__WHAT YOU SHOULD DO__: From the data below, return the exact lines starting at the line containing "Top view of" and ending at the line containing "If so, Philbrook", both included, and nothing else.

BEGIN PROVIDED DATA

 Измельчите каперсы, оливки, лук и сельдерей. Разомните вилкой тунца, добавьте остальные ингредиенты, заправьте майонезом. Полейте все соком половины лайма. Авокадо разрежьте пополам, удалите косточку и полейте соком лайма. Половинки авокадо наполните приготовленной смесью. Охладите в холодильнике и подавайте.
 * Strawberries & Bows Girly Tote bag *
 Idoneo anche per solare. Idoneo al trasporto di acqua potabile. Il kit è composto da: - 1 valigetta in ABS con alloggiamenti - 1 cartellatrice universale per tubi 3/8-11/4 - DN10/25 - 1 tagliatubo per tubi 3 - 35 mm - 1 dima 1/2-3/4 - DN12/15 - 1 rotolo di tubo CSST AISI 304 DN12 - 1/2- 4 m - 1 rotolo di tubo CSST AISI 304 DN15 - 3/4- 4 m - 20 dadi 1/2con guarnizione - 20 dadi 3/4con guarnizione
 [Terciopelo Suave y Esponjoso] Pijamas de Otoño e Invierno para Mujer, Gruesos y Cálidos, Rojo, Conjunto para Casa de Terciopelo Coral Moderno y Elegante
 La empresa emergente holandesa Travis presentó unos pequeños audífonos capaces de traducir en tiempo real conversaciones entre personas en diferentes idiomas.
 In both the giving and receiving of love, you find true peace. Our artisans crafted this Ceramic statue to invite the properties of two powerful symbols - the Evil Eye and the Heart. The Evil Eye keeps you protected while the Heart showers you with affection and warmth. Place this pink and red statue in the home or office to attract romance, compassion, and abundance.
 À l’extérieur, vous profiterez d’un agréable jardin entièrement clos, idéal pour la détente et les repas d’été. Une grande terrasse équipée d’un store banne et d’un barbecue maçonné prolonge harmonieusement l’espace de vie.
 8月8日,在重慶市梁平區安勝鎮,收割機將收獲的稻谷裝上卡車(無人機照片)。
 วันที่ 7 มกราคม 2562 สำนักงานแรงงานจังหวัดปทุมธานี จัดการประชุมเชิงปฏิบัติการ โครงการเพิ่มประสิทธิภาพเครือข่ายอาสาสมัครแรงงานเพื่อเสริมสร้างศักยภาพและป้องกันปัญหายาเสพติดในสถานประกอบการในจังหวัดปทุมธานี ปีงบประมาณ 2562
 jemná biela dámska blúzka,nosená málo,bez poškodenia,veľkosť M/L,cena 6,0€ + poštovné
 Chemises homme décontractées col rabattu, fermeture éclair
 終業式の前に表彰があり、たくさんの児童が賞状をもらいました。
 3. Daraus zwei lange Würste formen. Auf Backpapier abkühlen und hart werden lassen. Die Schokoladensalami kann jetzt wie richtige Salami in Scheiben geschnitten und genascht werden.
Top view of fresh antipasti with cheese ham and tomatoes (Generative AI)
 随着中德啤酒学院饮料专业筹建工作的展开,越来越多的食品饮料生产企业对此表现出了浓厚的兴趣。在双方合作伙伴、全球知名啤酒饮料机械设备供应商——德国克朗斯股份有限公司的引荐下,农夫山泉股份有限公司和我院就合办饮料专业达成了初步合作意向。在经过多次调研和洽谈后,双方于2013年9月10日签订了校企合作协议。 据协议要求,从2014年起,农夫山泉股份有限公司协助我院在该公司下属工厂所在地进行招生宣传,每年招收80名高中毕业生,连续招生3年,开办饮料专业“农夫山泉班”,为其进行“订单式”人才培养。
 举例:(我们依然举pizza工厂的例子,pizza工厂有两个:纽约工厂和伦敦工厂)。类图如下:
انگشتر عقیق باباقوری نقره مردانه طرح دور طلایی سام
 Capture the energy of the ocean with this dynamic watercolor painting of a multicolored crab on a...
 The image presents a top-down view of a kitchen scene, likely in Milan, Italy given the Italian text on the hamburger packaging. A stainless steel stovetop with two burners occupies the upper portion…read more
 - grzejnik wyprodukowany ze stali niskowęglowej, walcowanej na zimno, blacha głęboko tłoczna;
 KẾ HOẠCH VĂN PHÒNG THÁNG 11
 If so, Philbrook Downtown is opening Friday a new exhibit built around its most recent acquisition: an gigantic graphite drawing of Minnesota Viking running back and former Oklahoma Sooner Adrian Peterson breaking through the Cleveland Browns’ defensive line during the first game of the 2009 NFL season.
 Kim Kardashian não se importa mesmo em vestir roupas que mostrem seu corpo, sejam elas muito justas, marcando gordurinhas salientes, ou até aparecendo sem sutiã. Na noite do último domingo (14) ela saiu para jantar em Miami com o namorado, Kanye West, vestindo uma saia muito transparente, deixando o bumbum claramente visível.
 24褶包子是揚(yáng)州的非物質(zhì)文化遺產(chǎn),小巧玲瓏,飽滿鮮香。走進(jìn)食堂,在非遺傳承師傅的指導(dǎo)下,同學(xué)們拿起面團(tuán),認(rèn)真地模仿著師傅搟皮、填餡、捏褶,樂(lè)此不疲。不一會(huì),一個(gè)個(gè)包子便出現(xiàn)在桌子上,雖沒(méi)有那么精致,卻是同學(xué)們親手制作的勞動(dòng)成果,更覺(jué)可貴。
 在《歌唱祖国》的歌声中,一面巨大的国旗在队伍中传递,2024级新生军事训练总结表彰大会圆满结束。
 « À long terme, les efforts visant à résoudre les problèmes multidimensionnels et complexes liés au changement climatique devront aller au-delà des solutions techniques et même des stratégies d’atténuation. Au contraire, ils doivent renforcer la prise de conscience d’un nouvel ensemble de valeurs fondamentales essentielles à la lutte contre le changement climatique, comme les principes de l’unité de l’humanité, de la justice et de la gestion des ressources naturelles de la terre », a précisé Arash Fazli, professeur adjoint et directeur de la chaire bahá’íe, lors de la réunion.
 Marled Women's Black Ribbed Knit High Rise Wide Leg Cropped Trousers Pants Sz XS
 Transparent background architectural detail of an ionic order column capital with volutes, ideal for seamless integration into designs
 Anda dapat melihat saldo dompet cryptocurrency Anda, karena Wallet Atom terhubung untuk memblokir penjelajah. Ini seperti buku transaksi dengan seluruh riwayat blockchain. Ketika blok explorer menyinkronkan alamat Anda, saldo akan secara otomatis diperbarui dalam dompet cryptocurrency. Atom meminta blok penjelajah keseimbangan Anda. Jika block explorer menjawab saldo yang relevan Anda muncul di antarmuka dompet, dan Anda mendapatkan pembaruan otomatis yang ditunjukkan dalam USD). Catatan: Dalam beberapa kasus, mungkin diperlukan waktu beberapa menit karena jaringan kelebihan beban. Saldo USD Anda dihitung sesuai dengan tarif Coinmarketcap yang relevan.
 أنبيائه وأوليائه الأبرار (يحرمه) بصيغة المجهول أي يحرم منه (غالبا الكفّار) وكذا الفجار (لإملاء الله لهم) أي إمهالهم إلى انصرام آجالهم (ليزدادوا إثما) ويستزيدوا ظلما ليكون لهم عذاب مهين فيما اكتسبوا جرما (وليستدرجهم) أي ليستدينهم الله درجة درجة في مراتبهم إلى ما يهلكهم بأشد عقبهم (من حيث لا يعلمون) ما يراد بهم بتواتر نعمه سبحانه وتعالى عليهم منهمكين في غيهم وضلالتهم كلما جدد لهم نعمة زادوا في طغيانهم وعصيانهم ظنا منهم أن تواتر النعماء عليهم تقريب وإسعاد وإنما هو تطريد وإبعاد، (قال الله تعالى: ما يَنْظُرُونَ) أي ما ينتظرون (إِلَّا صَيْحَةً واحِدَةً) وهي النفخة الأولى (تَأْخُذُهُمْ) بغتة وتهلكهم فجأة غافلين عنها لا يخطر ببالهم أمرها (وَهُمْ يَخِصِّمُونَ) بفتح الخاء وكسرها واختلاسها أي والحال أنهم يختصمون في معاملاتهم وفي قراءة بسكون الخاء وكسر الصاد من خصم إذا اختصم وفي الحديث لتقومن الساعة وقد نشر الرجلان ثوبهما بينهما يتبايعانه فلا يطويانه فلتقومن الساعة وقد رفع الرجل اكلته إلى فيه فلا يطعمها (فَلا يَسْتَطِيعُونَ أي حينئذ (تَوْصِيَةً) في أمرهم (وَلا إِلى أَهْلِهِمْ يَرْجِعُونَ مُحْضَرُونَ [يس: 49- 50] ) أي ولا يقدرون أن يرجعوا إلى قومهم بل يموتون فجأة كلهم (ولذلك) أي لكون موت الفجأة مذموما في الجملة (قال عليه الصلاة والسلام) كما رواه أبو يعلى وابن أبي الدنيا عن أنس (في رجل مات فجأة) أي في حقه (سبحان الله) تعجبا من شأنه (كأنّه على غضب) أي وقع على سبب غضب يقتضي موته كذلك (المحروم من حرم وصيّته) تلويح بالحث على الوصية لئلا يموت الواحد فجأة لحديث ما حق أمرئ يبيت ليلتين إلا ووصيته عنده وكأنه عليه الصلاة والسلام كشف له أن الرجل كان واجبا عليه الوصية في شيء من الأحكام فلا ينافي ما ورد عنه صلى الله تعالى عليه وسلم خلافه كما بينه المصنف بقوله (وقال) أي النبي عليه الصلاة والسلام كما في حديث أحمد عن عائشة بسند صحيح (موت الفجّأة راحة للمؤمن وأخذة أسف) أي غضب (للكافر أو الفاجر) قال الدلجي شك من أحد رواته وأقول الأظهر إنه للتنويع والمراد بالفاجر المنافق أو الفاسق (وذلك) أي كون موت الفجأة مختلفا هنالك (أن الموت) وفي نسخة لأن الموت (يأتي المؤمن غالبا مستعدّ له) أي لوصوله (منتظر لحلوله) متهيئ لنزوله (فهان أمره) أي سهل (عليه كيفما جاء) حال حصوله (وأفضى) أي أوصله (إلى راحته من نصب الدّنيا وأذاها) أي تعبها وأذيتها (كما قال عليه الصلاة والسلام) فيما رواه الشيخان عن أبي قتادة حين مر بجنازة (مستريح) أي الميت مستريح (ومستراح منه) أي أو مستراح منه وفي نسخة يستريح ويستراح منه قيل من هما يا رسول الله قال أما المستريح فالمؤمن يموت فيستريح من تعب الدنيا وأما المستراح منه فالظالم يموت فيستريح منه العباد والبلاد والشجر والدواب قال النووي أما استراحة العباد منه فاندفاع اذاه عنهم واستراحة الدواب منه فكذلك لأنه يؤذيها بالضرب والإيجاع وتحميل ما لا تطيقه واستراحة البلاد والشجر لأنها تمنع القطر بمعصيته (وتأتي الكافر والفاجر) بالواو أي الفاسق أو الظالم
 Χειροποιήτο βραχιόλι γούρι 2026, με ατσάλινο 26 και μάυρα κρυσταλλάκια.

END PROVIDED DATA

__REPLY__:
Top view of fresh antipasti with cheese ham and tomatoes (Generative AI)
 随着中德啤酒学院饮料专业筹建工作的展开,越来越多的食品饮料生产企业对此表现出了浓厚的兴趣。在双方合作伙伴、全球知名啤酒饮料机械设备供应商——德国克朗斯股份有限公司的引荐下,农夫山泉股份有限公司和我院就合办饮料专业达成了初步合作意向。在经过多次调研和洽谈后,双方于2013年9月10日签订了校企合作协议。 据协议要求,从2014年起,农夫山泉股份有限公司协助我院在该公司下属工厂所在地进行招生宣传,每年招收80名高中毕业生,连续招生3年,开办饮料专业“农夫山泉班”,为其进行“订单式”人才培养。
 举例:(我们依然举pizza工厂的例子,pizza工厂有两个:纽约工厂和伦敦工厂)。类图如下:
انگشتر عقیق باباقوری نقره مردانه طرح دور طلایی سام
 Capture the energy of the ocean with this dynamic watercolor painting of a multicolored crab on a...
 The image presents a top-down view of a kitchen scene, likely in Milan, Italy given the Italian text on the hamburger packaging. A stainless steel stovetop with two burners occupies the upper portion…read more
 - grzejnik wyprodukowany ze stali niskowęglowej, walcowanej na zimno, blacha głęboko tłoczna;
 KẾ HOẠCH VĂN PHÒNG THÁNG 11
 If so, Philbrook Downtown is opening Friday a new exhibit built around its most recent acquisition: an gigantic graphite drawing of Minnesota Viking running back and former Oklahoma Sooner Adrian Peterson breaking through the Cleveland Browns’ defensive line during the first game of the 2009 NFL season.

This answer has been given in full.